Nvidia didn’t have a clear path to success when Anderson first began investing in the company, he said.

It remained to be seen if it would be a gaming, crypto, or AI company. But it did have the advantage of early success, unlike Amazon and Tesla, which “didn’t start from highly profitable and dominant positions but had to get there”.

In some ways, Anderson still sees Nvidia as a nimble company.

“It is the long duration of the development of [graphic processing unit] usage in AI — and not just AI — from excitement, through potential pauses, to transformation of industries that is most important to us,” Anderson said.

However, Fortune said other finance experts don’t share Anderson’s bullish take on Nvidia.

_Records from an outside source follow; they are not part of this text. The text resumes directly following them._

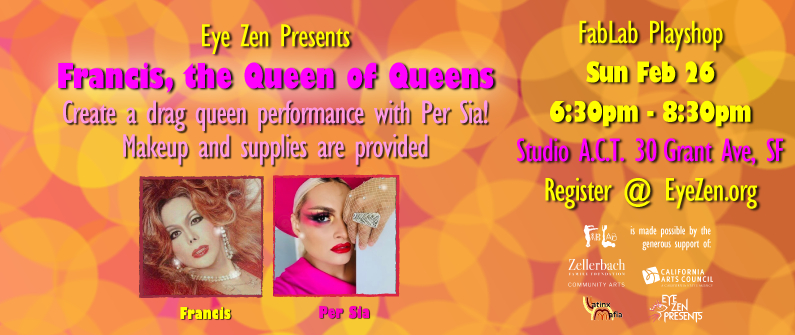 Join this empowering event celebrating the art and drag of queer ancestor Francis, the Queen of Queens. Inspired by Francis’ talents in drag, comedy, and multi-disciplinary arts, attendees will explore their multi-disciplinary artistry and develop a drag persona. Teaching artist and San Francisco’s most beloved drag queen Per Sia will lead participants in this playshop. Come with ‘an open heart’ and have fun! Makeup and supplies will be provided.
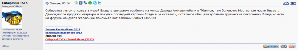 | Самое дерьмо знаете в чем? Если Влада запишет пиздец альбом, с пиздатым битом, и сибко окажется правым, хотя врятли я доживу до этого. | | | | | | в Бане
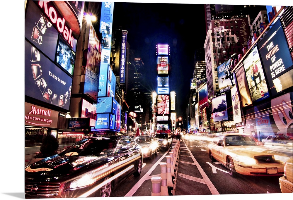 <p>Photograph of busy street at iconic city block in the "Big Apple." The streets are lined by tall lit up buildings and skyscrapers.</p>
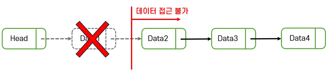 따라서 삭제하려는 노드가 어떤 노드를 가리키고 있었는지(다음 노드의 포인터)를 저장하지 않은 상태에서 곧바로 삭제하면, 그 뒤에 연결되어 있던 노드들의 정보에 접근할 수 없다.
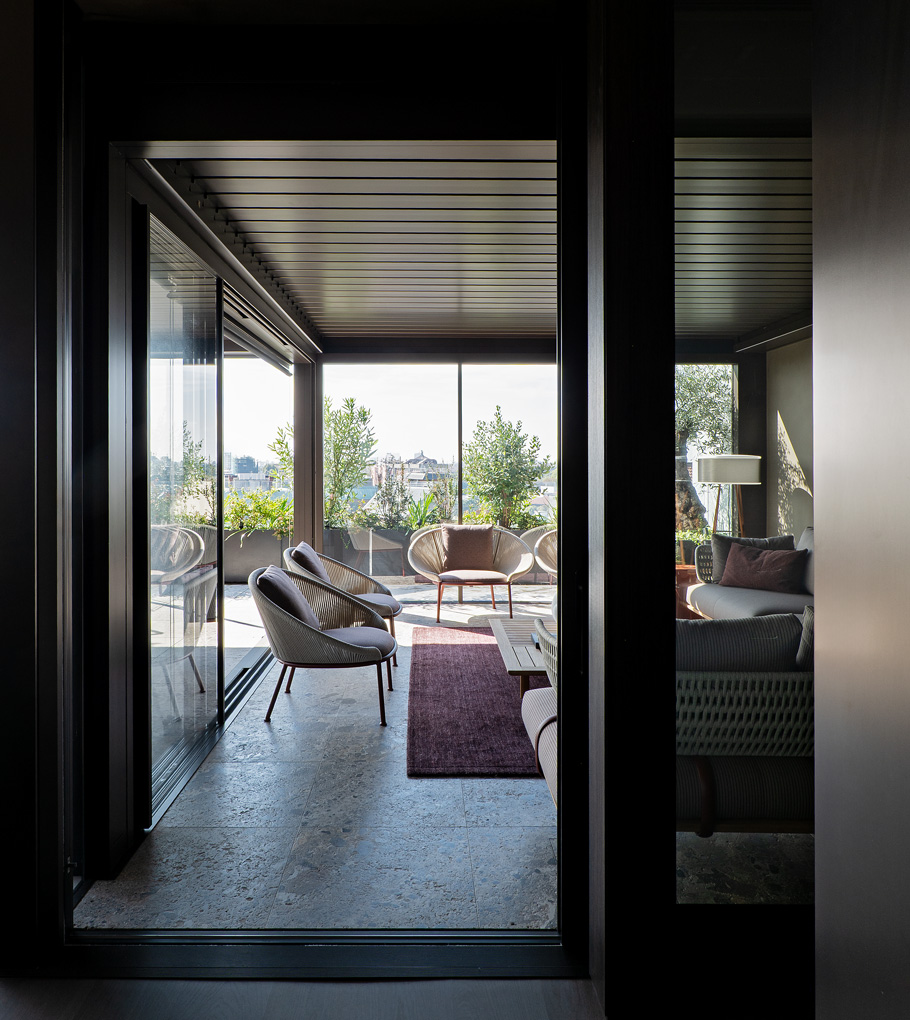Both indoors and outdoors, the penthouse has been mindfully designed to feature pieces from across the Molteni&C Collections.
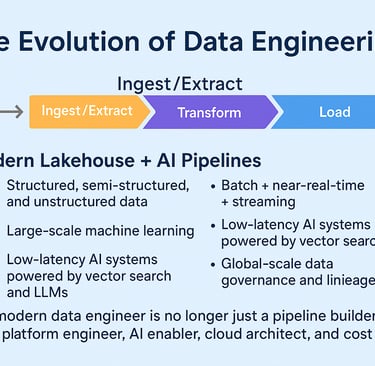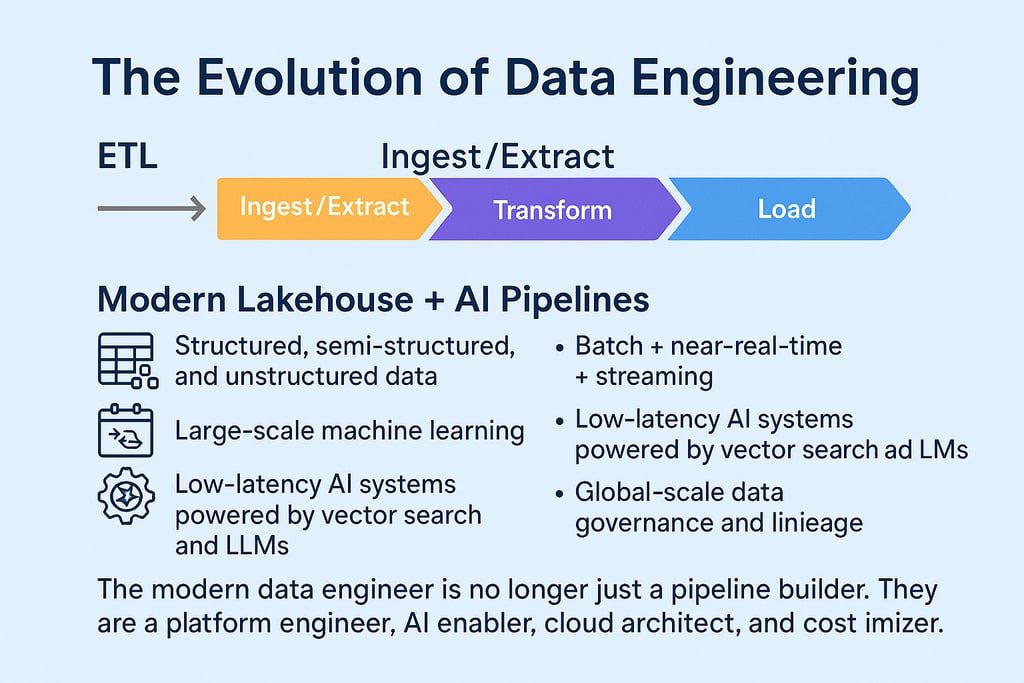 The modern data engineer is no longer just a pipeline builder. They are a platform engineer, AI enabler, cloud architect, and cost optimizer.
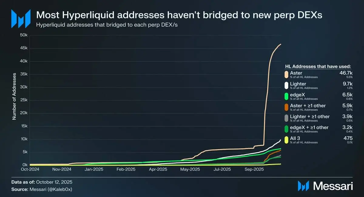 让我们探讨在 Hyperliquid 的 HIP-3 升级背景下,股票永续合约可能的发展方向。HIP-3 引入了去许可的永续合约市场,而数据显示, 少于10%的 Hyperliquid 地址已 桥接 至 Aster 、Lighter 和 edgeX,甚至更少用户选择了多个永续合约去中心化交易所(DEX) 。这表明 Hyperliquid 的资金具有粘性,且质量较高。基于此数据,可以从两个角度预测股票永续合约的未来:

Aswath Damodaran, a professor of finance at New York University’s Stern School of Business, argues that Nvidia is riding a wave of early AI optimism.

“The momentum is clearly with Nvidia,” Damodaran told CNBC in May.

“They can do nothing wrong. Everything they touch turns to gold.”

Damodaran said Tesla experienced a similar rally in 2020, when its market cap soared, peaking in 2021 at US$1.2 trillion, only for shares to plummet about 30% this year alone.

Meta and Google also grappled with increased competition that have loosened their grip on the tech world.

While Nvidia has the earnings to back up its sky-high value, expectations for the future of the company may be too steep, he argued.

Damodaran said the AI chip market is not worth US$1 trillion alone, and the AI market more broadly is worth about US$2 trillion or US$3 trillion, meaning Nvidia would have to tap into several big AI markets to maintain and grow its value.

“It is clearly a possibility,” Damodaran said. “But is it plausible? I don’t think so.”